On June 28, 1798, Hall appears to have married for a third time. Sylvia (or Zilpha) Ward would remain his wife until his death a decade later.
In 1800 Hall made a second request to the selectmen of Boston to acquire a building for a black school. After another refusal, Hall offered his own home for the school. A pair of Harvard College students served as teachers until 1806. At that point, increased enrollment forced a move to larger facilities, which were provided by the African Society House on Belknap Street.
Prince Hall died in Boston on December 4, 1807. Funeral rites, in accord with masonic rites, were performed at his home in Lendell's Lane one week later. He was buried in the 59th Street Mathews Cemetery, Boston, in late March, 1808, after a large procession of blacks followed his body to the gravesite. Within a year of his death, Hall's followers renamed their order for their former, much-beloved leader.

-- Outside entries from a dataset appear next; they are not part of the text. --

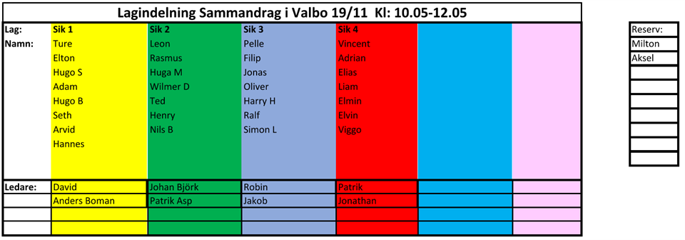 Hej Här kommer lite information inför sammandraget i Valbo på söndag 19/11. Vi kommer ställa upp med 4st lag, se lagindelning i bilden. Det var många som ville vara med och spela, vilket gjorde att alla inte kan vara med. Dom som inte är med kommer att vara reserver och får vara med vid återbud. Kommer man inte kunna vara med så meddela det till någon av ledarna så fort som möjligt så får någon annan chansen. (Vi har prioriterat barn födda 2016-2017). Sammandraget pågår mellan kl. 10.05 – 12.05. Vi samlas kl. 9.00 på plats i Nickback arena i Valbo. Sök upp ledare för respektive lag ni är med i när ni kommer. Det kommer spelas 3-4 matcher med speltid på 1x15 min. Matcherna spelas 3 mot 3 + målvakter. Det kommer bli en lite längre paus mellan match 2-3 där barnen kan äta någon frukt eller dyl. och få i sig lite energi. I pausen kommer alla vara kvar på isen/båset, så man får lämna frukt mm till respektive ledare för laget innan i omklädningsrummet. Glöm inte vattenflaskan! Är det något som är oklart är det bara att ta kontakt med någon av oss ledare. För er som inte är med på sammandraget är det träning som vanligt mellan kl. 10-11. Ledare kommer finnas på plats. /Ledarna Hockeyskolan 14 nov 2023 0kommentarer
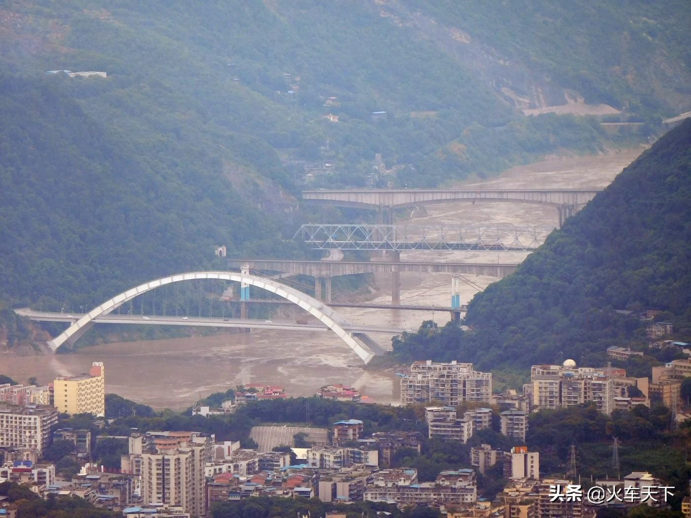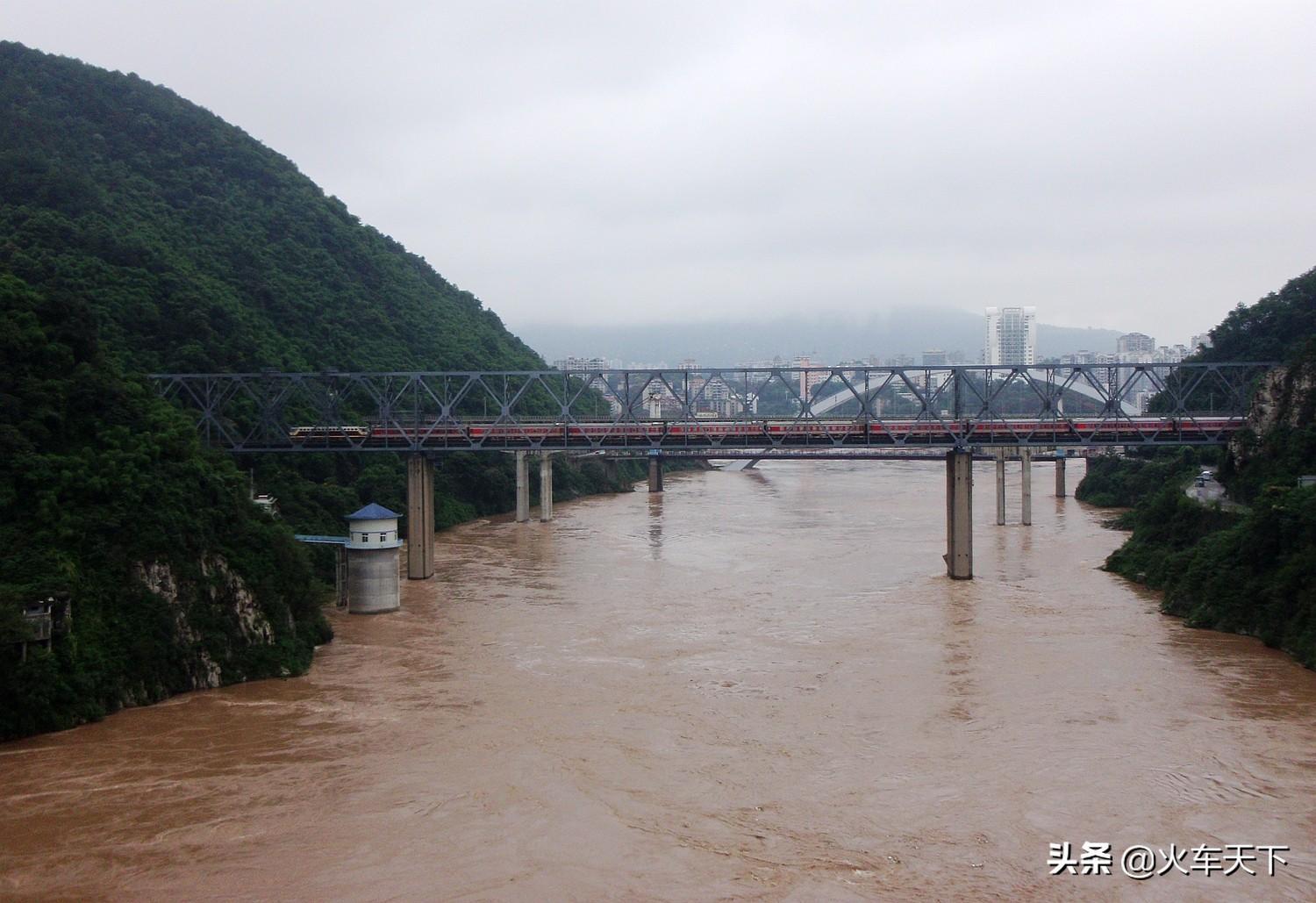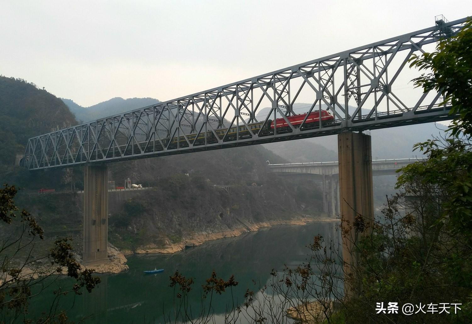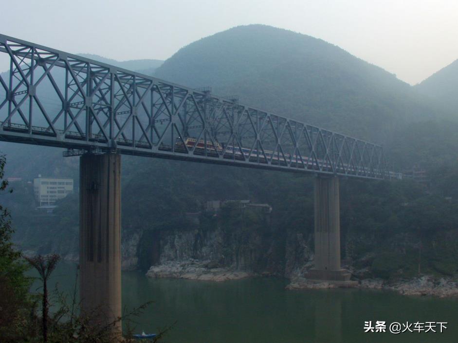 襄渝铁路北碚嘉陵江大桥建成于1970年,在磨心坡站与北碚站之间,从观音峡中穿过,桥梁两端都与隧道相连,也是襄渝线上具有代表性的地方之一。以前乘坐火车走襄渝线,出去的时候经过这座钢梁桥就明白即将离开重庆,而返回的时候经过这座桥就知道离重庆市区越来越近了。过去襄渝铁路是单线,所以上下行列车都会经过这座大桥,也拍到过一些客车经过此桥,这张是以前重庆到汉口的T258次列车经过此桥的画面。
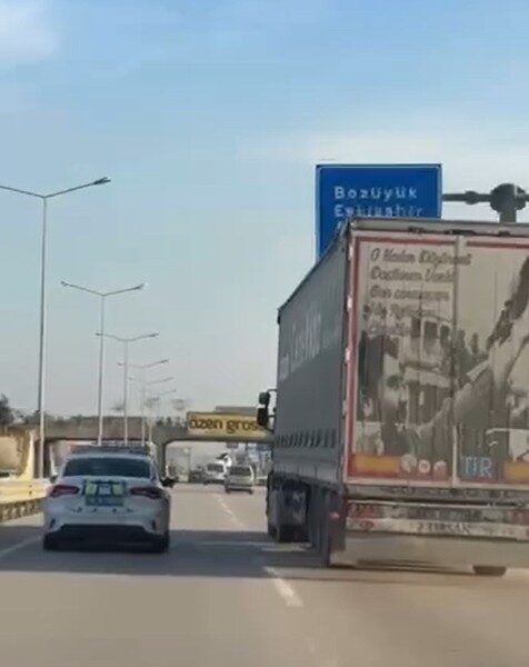 Bir süre takip edilen Samet M. isimli sürücü, TIR’ı sağ şeride çekip dururken, ehliyetsiz olduğu için kaçtığı öğrenildi. Samet M.ye ehliyetsiz araç kullanmaktan 18 bin 678 TL ve aksine bir işaret bulunmadıkça, gidişe ayrılan en soldaki şeridi sürekli olarak işgal etmekten 9 bin 267 TL ceza kesildi.
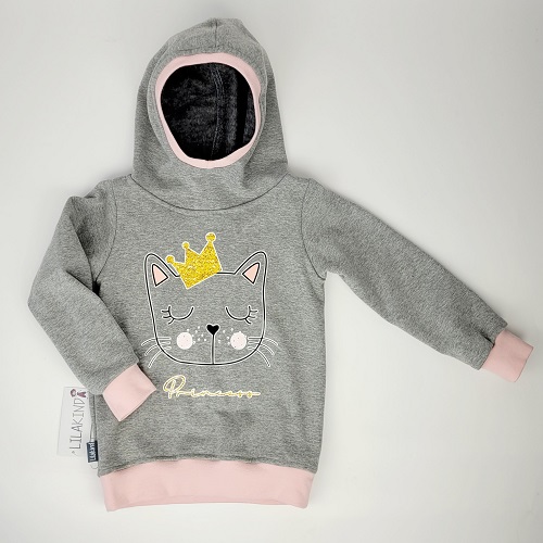 Kapuzensweater Grau Rosa Katze Gr.104/110
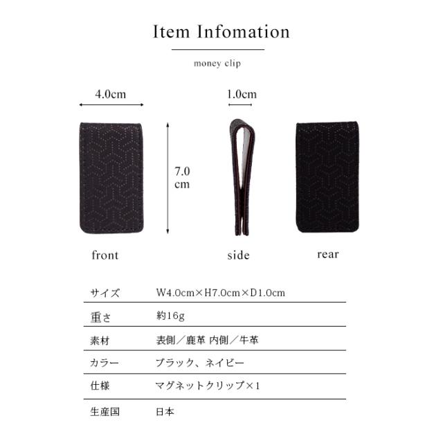 マネークリップ 札ばさみ メンズ 紳士 シンプル 小物 本革 鹿革 日本製 印伝 伝統工芸 和風 和柄 毘沙門 古都印伝
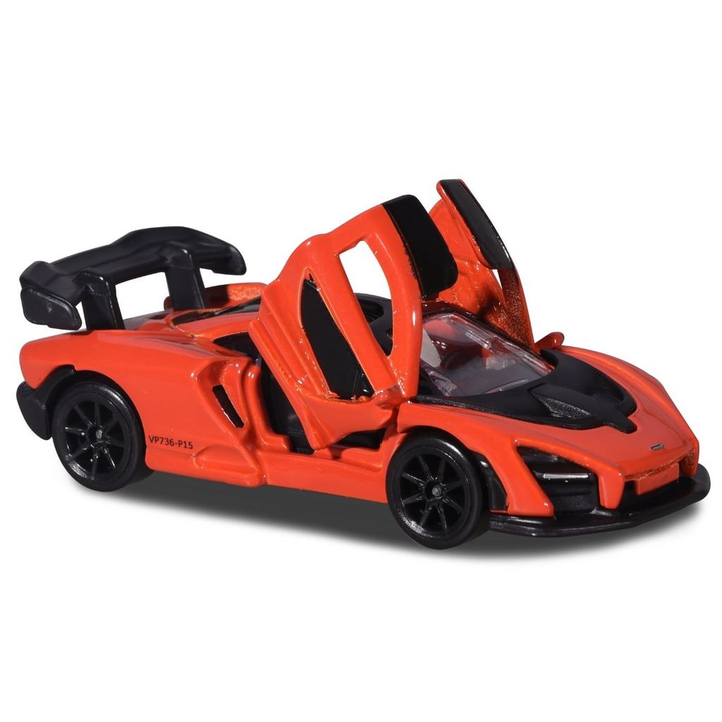 Orange McLaren Senna i skala 1:56 fra Majorettes Premium Cars-serie.
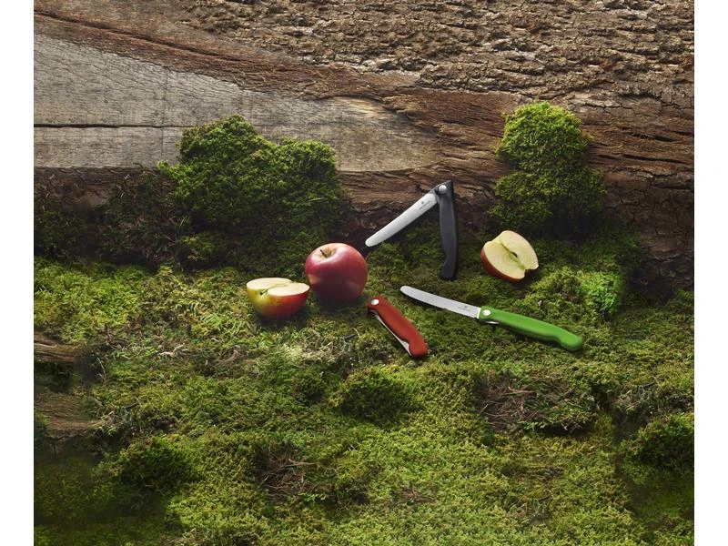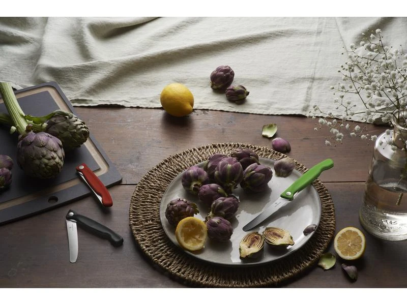 Das Swiss Classic Gemüsemesser von Victorinox mit geradem Schliff ist ein Multitasker par excellence. Es überzeugt mit grenzenloser Vielseitigkeit, markantem Design und kompakter Silhouette. Die strapazierfähige rostfreie Stahlklinge dieses kompakten Messers lässt sich gesichert im Griff unterbringen und mit einem einfachen Entriegelungssystem verlässlich fixieren. Eine grosse Bandbreite farbenfroher Griffe und praktischer Sets sorgt in der Küche und in der freien Natur für mehr Spass bei jeder Aufgabe. Äpfel schneiden, Chilis entkernen, Briefe öffnen in Ihrem Büro oder Sie auf Outdoor-Abenteuer begleiten – dieses leichte, faltbare Gemüsemesser ist zu allem bereit.
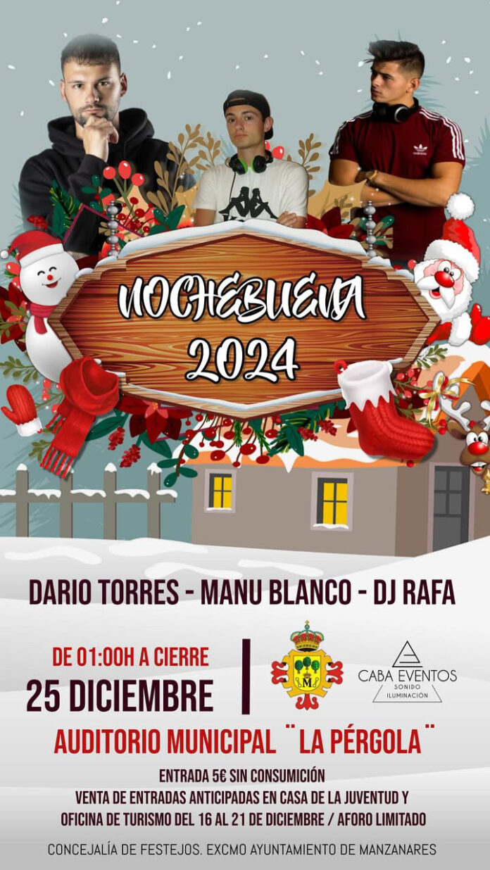 Los maestros de ceremonia que tienen la importante tarea de animar estas dos noches de fiesta son Darío Torres, Manu Blanco, Dj Rafa y Condés. Serán los encargados de poner la mejor música y el mejor ambiente para brindar y celebrar la Navidad y el Año Nuevo en Manzanares.

Born in obscurity, Prince Hall literally worked himself free of his lowly beginnings. Through diligence and effort he cultivated his abilities, then used them to help others do the same. His name lives on in the title of the largest and most well-regarded black fraternal order, the Prince Hall Masons.
Kaplan, Sidney. The Black Presence in the Era of the American Revolution 1770--1800. Greenwich: New York Graphic Society, 1973.
Logan, Rayford W., and Michael R. Winston, eds. Dictionary of American Negro Biography. New York: Norton, 1982.
Salzman, Jack, David Lionel Smith, and Cornel West, eds. Encyclopedia of African-American Culture and History. New York: Macmillan Library Reference USA/Simon and Schuster Macmillan, 1996.